OE-v1.1.68 数据集处理 ModuleNotFoundError: No module named 'hat'

1.芯片型号:J5等

2.天工开物开发包OpenExplorer版本:J5_OE_1.1.68等

3.问题定位:数据集打包

4.问题具体描述:

复现步骤:

nvidia-docker run -it --shm-size=“15g” -v `pwd`:/open_explorer openexplorer/ai_toolchain_ubuntu_20_j5_gpu:v1.1.68

cd ddk/samples/ai_toolchain/horizon_model_train_sample/scripts/

python3 tools/datasets/nuscenes_packer.py --src-data-dir /data/horizon_j5/data/nuscenes/ --pack-type lmdb --target-data-dir /data/horizon_j5/data/tmp_data/nuscenes/v1.0-mini --version v1.0-mini --split-name train

Traceback (most recent call last):

File “tools/datasets/nuscenes_packer.py”, line 5, in

from hat.data.datasets.nuscenes_dataset import NuscenesPacker

ModuleNotFoundError: No module named ‘hat’

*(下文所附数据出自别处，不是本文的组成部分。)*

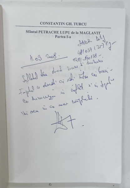 SFANTUL PETRACHE LUPU DE LA MAGLAVIT de TURCU CONSTANTIN , 2006 , COPERTA CU URME DE INDOIRE , DEDICATIE *

你好,从报错看,是缺少hat,建议按照如下方式测试一下docker环境:

环境检测如上,是还需要设置什么环境变量吗

直接使用run_docker.sh的脚本启动容器试试嘞

启动后,通过如下方式,检测torch和cuda是否正常

脚本内容:

import torch-
import time-

print(torch.__version__)-
print(torch.cuda.is_available())-

a = torch.randn(10000, 1000)-
b = torch.randn(1000, 2000)-
t0 = time.time()-
c = torch.matmul(a, b)-
t1 = time.time()-
print(a.device, t1 - t0, c.norm(2))-
device = torch.device(‘cuda’)-
a = a.to(device)-
b = b.to(device)-
t0 = time.time()-
c = torch.matmul(a, b)-
t2 = time.time()-
print(a.device, t2 - t0, c.norm(2))-
t0 = time.time()-
c = torch.matmul(a, b)-
t2 = time.time()-
print(a.device, t2 - t0, c.norm(2))

也试过了,可以离线安装hat的whl包吗,但我没找到安装包的对应文件路径

root@61969cbf279b:/open_explorer# python3 1.py

1.13.0+cu116

Segmentation fault (core dumped)

看起来是torch cuda环境也有问题

这样的话,就需要检查下驱动版本是否符合要求了:

再请问下地平线OE包里面提供训练好的bev lss模型吗,还是说必须我们自己重头training?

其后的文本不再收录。